その横には応接用らしきソファーが平行に一対と、それらに挟まれるように木製のリビングテーブルが置かれている。さらにその少し横には大きなニスが塗りこまれた書斎机があり、黒革の回転椅子に腰掛けている白髪頭の男性が三人に背を向けて座っていた。
「……先生」
宍戸が言うと回転椅子が一八○度くるりとまわり、白髪頭の男性がこちらに顔を見せた。顎にひげを蓄えている、銀縁のレンズが大きなメガネを掛けた六十歳ほどの男性。カッターシャツに濃い茶色のベストとベージュのチノ・パンツを履いた、落ち着いた印象の初老の男だった。
「やぁ、宍戸。実に久しぶりだ。どうだ、元気……、……ではなさそうだな。今のお前は、少し無理をしている顔に見える」
「お久しぶりです。先生はお元気そうで何よりです。近頃ろくに顔も出さず、申し訳ございません」
「まぁまぁ、硬い挨拶はよしてくれ。お前にはお前の事情があるのだろう。そっちの後ろの二人は君の友達かね?」
「部下です」
「部下。そうか……お前も、そんな言葉を使う年齢になったのだな。感慨深いよ」
「先生のお陰です」
「あぁいや、そんな言葉を聴きたいがために言ったのではないよ。
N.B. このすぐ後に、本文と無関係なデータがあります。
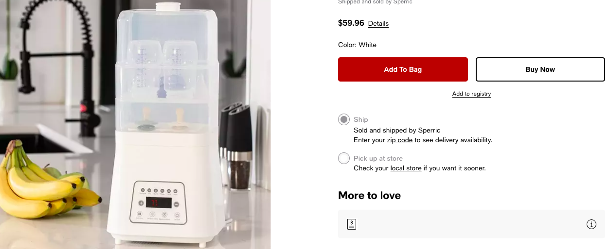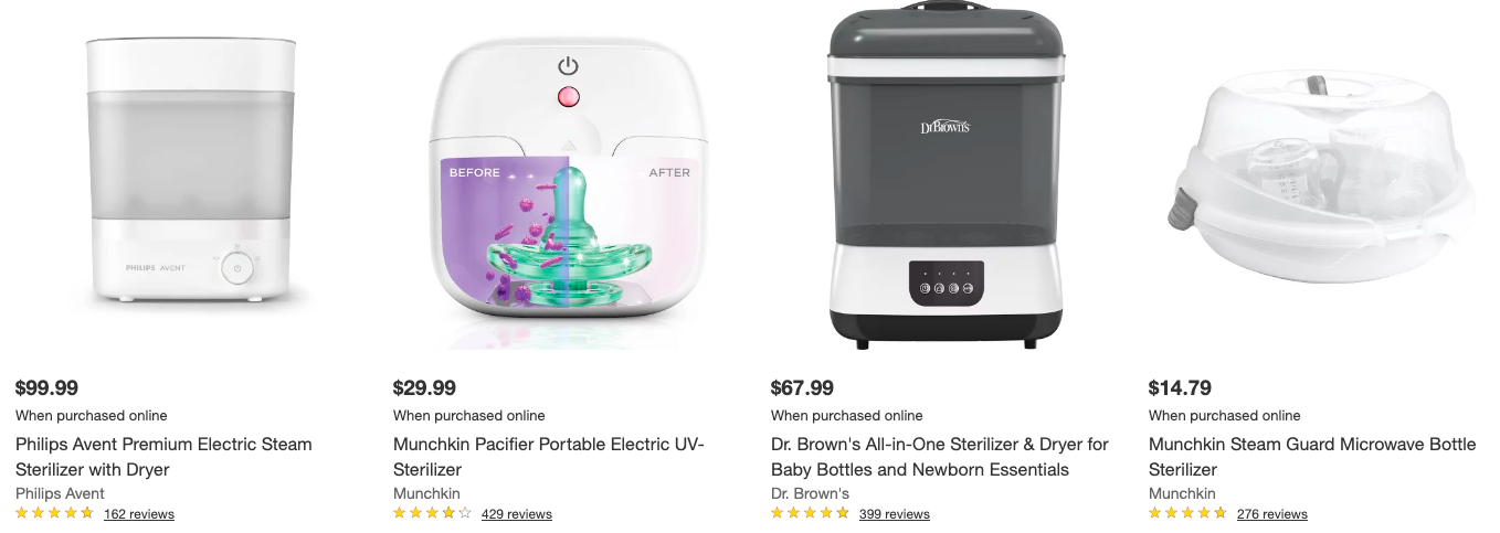 Target — один из крупнейших ритейлеров США, где представлен огромный выбор товаров для новорожденных: бутылочки, стерилизаторы, молокоотсосы, аксессуары для кормления и ухода. В ассортименте — ведущие бренды, такие как Dr. Brown’s, Philips Avent, Baby Brezza, Medela, Tommee Tippee и другие. На сайте легко сравнить модели по цене, рейтингу и функциям: например, электрические и микроволновые стерилизаторы, многоразовые бутылочки, ручные и электрические молокоотсосы. Target славится регулярными акциями и быстрой доставкой по США, что делает его идеальным выбором для родителей, которые ценят удобство и широкий ассортимент.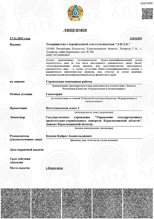 Компания ТОО «Л.П.Т.К.» предоставляет строительные услуги с 7 декабря 2005 года, является обладателем лицензии I категории на выполнение работ в области архитектурной, градостроительной и строительной деятельности на территории Республики Казахстан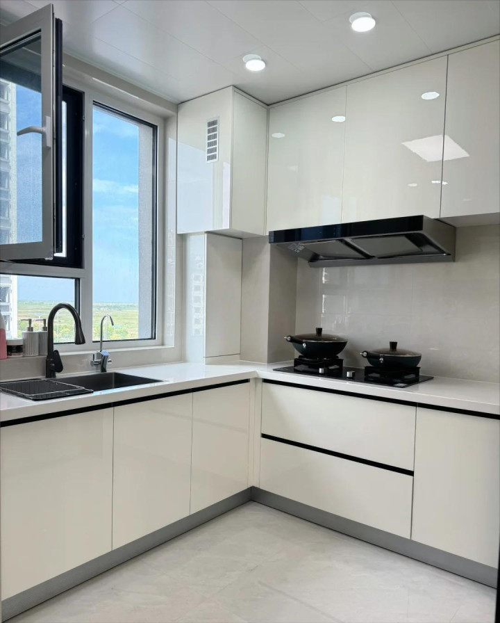 厨房面积不大,但五脏俱全。橱柜是定制的L型布局,全部选用了淡奶油色调,整体显得特别干净利落。灶台和洗菜区分开布置,台面铺了白色岩板,不仅防油防污,而且特别好打理。他说自己最讨厌厨房油腻腻,所以家里做饭一定要及时收拾,锅碗瓢盆都藏在抽屉里,台面几乎看不到任何杂物,真的是一尘不染。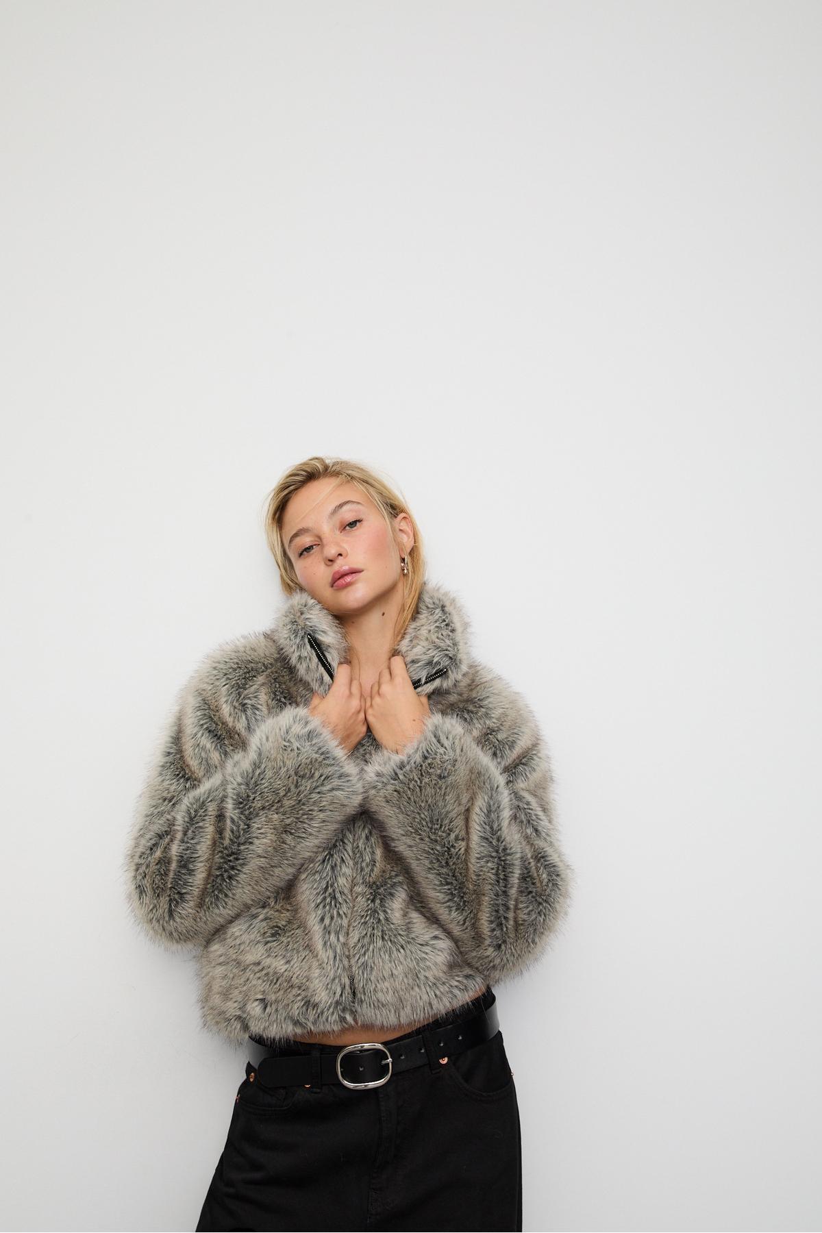 Suni kürk yüksek yakalı ceket Suni kürk yüksek yakalı ceket 05654538 XL
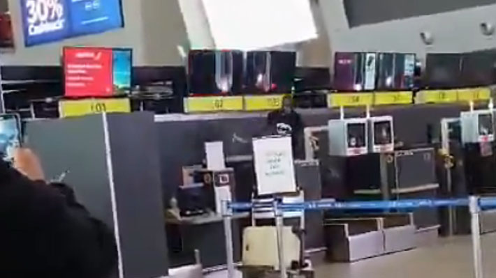 Según imágenes difundidas por redes sociales, el individuo rompió con un martillo pantallas que avisan el estado de los vuelos.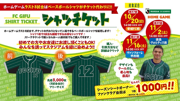 甲府戦の試合が観戦できて、さらにベースボールシャツもついて一般の方は1枚2,000円(シーズンシートオーナー・ファンクラブ会員は1枚1,000円)とお得な価格です!ぜひお買い求めください!詳細はこちらをクリック↓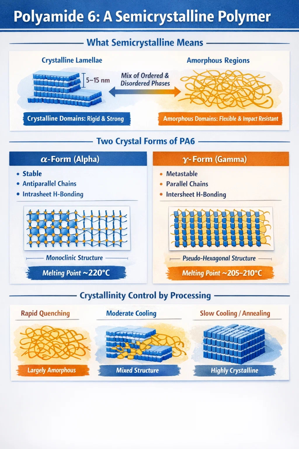 Polyamide 6 in unicam crystalli fabricam non crystallizet. Polymorphismum cristallinum exhibet, id est varias cristallinas structuras formare posse, quae polymorphs vocantur — secundum quomodo discursum est. Duo primaria polymorpha sunt alpha (α) forma et forma gamma (γ), singula cum dispositionibus atomicis distinctis et consequentibus mechanicis.
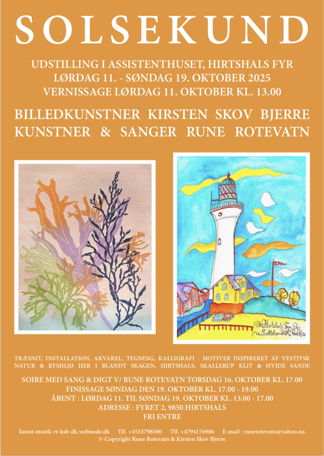 Multikunstner Rune Rotevatn og Film - & videoinstallationskunstner Kirsten Skov Bjerre viser kunst inspireret af kunstnernes hjem, forskellige landskab, flora & dyreliv, lavet i blæk, akvarel & grafik, samt Performance, film og videoinstallation.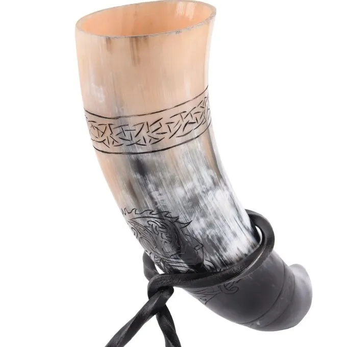 Over the centuries, the drinking horn has been used by different peoples as a cup during ceremonies and celebrations. The use of the drinking horn is even mentioned in the Edda. This horn is perfect for Viking reenactment, home decor, LARP and makes a wonderful gift. It is also ideal for festivals. This drinking horn is hand made from buffalo horn and is polished. The interior is varnished do you can drink from it. It comes with a metal stand with which you can place it on the table. The horn is engraved with the wolf Fenrir. In Norse mythology, this is the son of Loki and the giantess Angrboda. He fights against the world order and eventually brings about the end of the world, Ragnarok. He is chained to the bottom of the sea until he will eventually devour Odin and destroy the world.
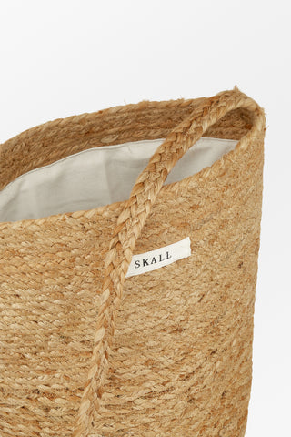 Flettet taske med lang crossbody-rem og diskret logo foran.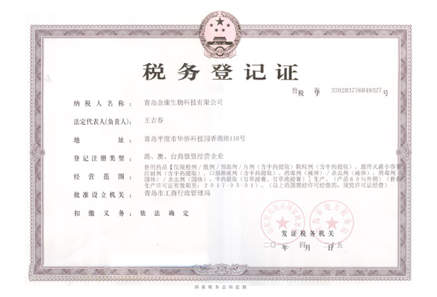 公司稅務(wù)登記證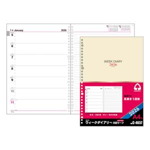 ☆コレクト 2026年版手帳 ウィークダイアリー 見開き1週間 A4 リングバインダー用差し替えリーフ30穴('26.1〜12) C-4657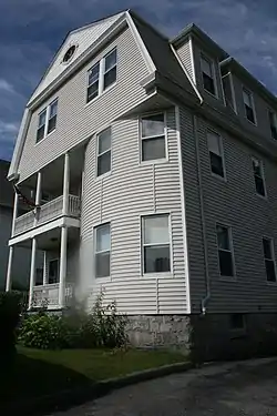 The Peter Baker Three-Decker is a historic triple decker in Worcester, Massachusetts. Built c. 1902, it is a well-preserved example of a gambrel-roofed Colonial Revival three-decker, and an early example of this style in the neighborhood. It was listed on the National Register of Historic Places in 1990.[1]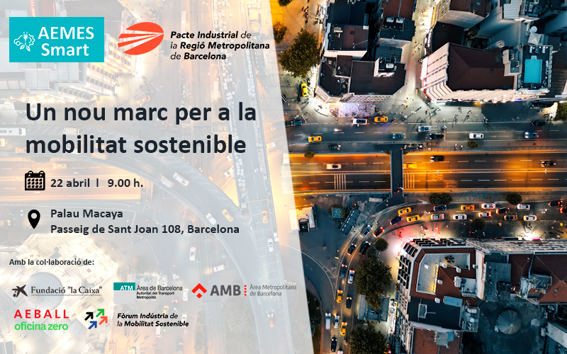 El proper 22 d'abril es celebrarà a l'Auditori del Palau Macaya la jornada "Un nou marc per a la mobilitat sostenible" de la mà d'AEMES Smart i el Pacte Industrial de la Regió Metropolitana de Barcelona. L'acte -que compta amb el suport de La Fundació "la Caixa", l'ATM, l'AMB, l’Oficina Zero d’AEBALL i el Fòrum Indústria de la Mobilitat Sostenible del Pacte Industrial-, pretén explorar el nou marc de la mobilitat sostenible, centrada en l’impacte de la nova llei i en el paper clau de les estratègies col·laboratives per reforçar la competitivitat empresarial i territorial.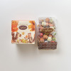 パッケージには森の実りをイメージし、赤く色づく木々の下で、木の実やきのこなどの森の実りを収穫する、かわいらしいリスたちが描かれています。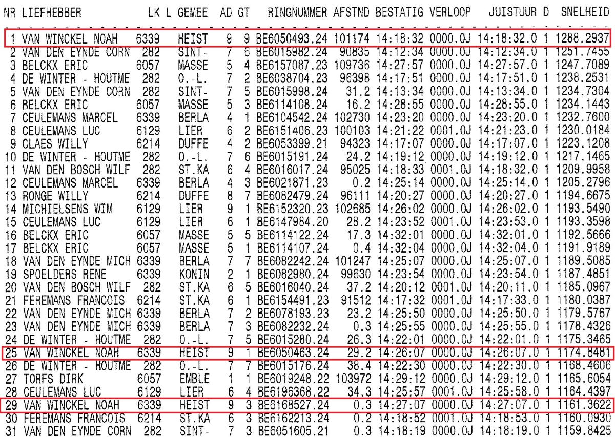- Fam. Van Winckel: 3de kampioen jonge, 1ste asduif jonge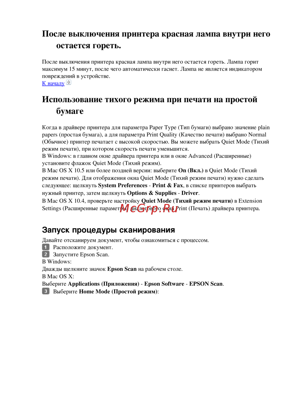 В Mac OS X 10.5 или более поздней версии: выберите On (Вкл.) в Quiet Mode (Тихий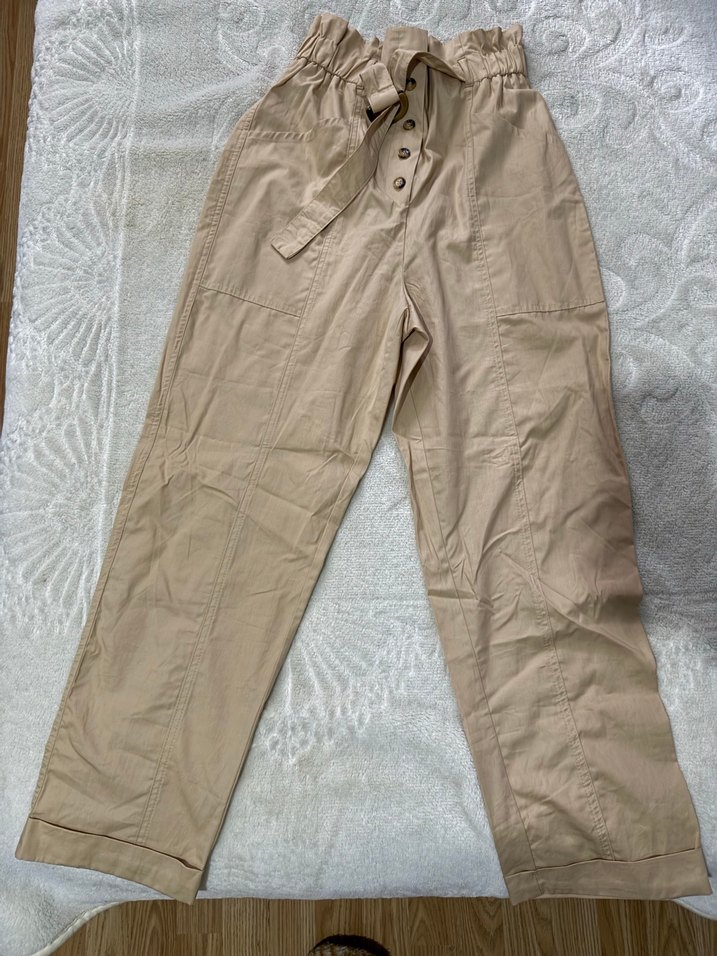 Bej renkte, kemerli ve düğmeli, keten kumaştan yapılmış bol kesim midi boy kadın pantolon. Rahat ve gündelik tarz için uygundur. L bedeni de elimde mevcut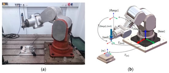 To demonstrate the proposed method, an experiment was conducted on a 6-DoF industrial robot. The robot machining system is shown in Figure 12. A complete robot system typically comprises three frames: the base frame, the tool frame, and the workpiece frame. The workpiece frame {w} is exclusively associated with the machining process and is unrelated to calibration. The base frame {base} is typically fixed beneath the first joint of the robot, serving as the primary reference system. The tool frame {tool} is located at the end of the robot.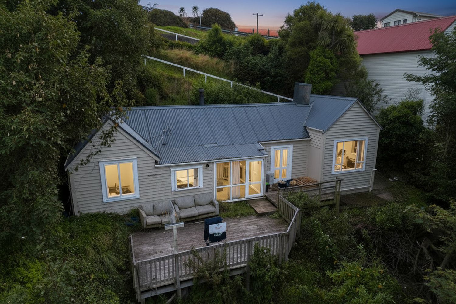 The home itself is designed for comfortable, practical living. Positioned down from the street, the elevated deck offers privacy and a welcoming entrance. Inside, a spacious living area with a log burner creates a warm central hub, complemented by three bedrooms, a functional bathroom, an easy-flow kitchen, and a mixture of single and double glazing.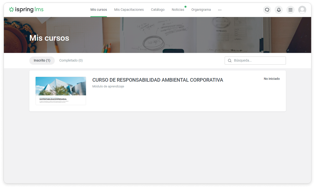 Después de hacer clic en el botón Registrarse, los alumnos verán la sección Mis cursos del portal del usuario. Allí podrán ver todos los cursos asignados (si se creó una regla de autoinscripción) y podrán empezar a estudiar.
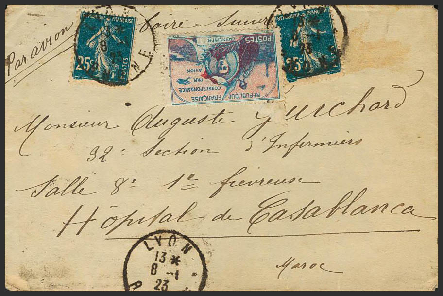 English Yvert 140(2). 1923. 25 cts blue and Guynemer precursor vignette. LYON to CASABLANCA (MOROCCO). On the back arrival. MAGNIFICENT.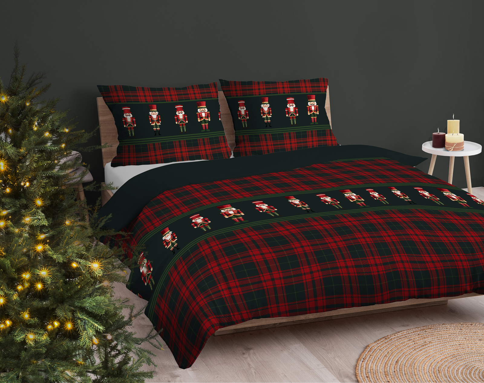 POŚCIEL ŚWIĄTECZNA ŚWIĘTA DZIADEK ŻOŁNIERZYK CZERWONA KRATA BAWEŁNA 160X200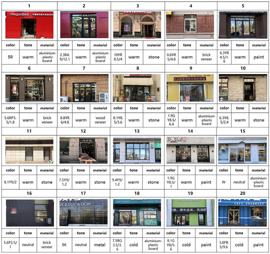 In the construction of living street space, the color and decorative material of the interface are significant factors influencing people’s visual perception [19]. Following preliminary field research, the colors and materials that were observed to occur with the greatest frequency in the street interface were extracted. The extracted representative colors were then matched with color samples from the Chinese Architectural Color Card. The most prevalent street interface colors and materials are illustrated in Figure 7. The 20 selected representative colors have been divided according to tone. The proportion of warm tones is significant, followed by neutral tones, with cold tones being the least common. The interface materials are diverse and include paint, stone, wood veneer, and metal plate, among others. In the context of street interface design, there is a notable interplay between the selected materials and colors. The style and characteristics of two different materials with the same color are not identical, and the inherent characteristics of the materials in question impose certain limitations on the color tendencies that can be exhibited.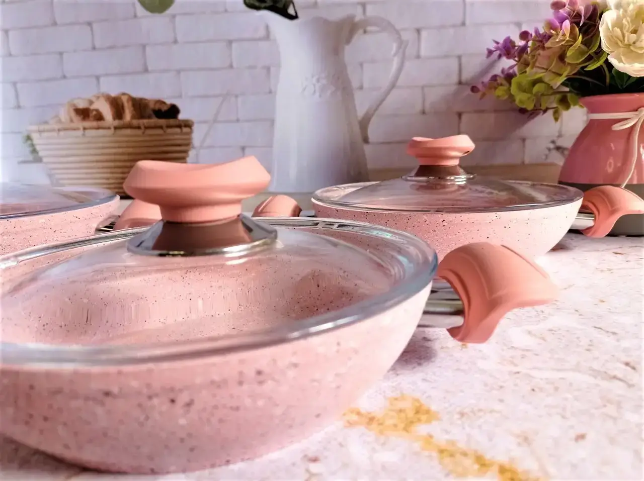 Набір посуду 6 предметів OMS 3004.04.05-Pink 18*5 (1,0 л) - 20*5 (1,25 л) - 22*5 (1,50 л)

どうぞ、そこに座ってくれ」
宍戸が先生と呼んでいる男性は応接ソファを指差した。宍戸は指示されるままにソファに腰掛けると、エミィとロディはそれぞれ両サイドに座り、男性も続いて対面のソファに腰掛ける。
「今、娘に飲み物を用意させている。お茶で良かったかね。ところで、稲葉夫婦は一緒じゃないのか?」
「いえ、今日は……」
「そうか、久々に会いたかったが……」
天屋先生はちらりとショーケースを見て、自身と稲葉が二人で写っている写真に目をやった。
「先生、積もる話もありますが、今日は先生にお尋ねしたい事があり、ここに参りました」
「ほう。何かね?」
「天屋公助さんについて。知っていることを全て教えていただきたい」
宍戸が低くも澄んだ声で言うと、先生は無言で、宍戸の目をじっと見つめた。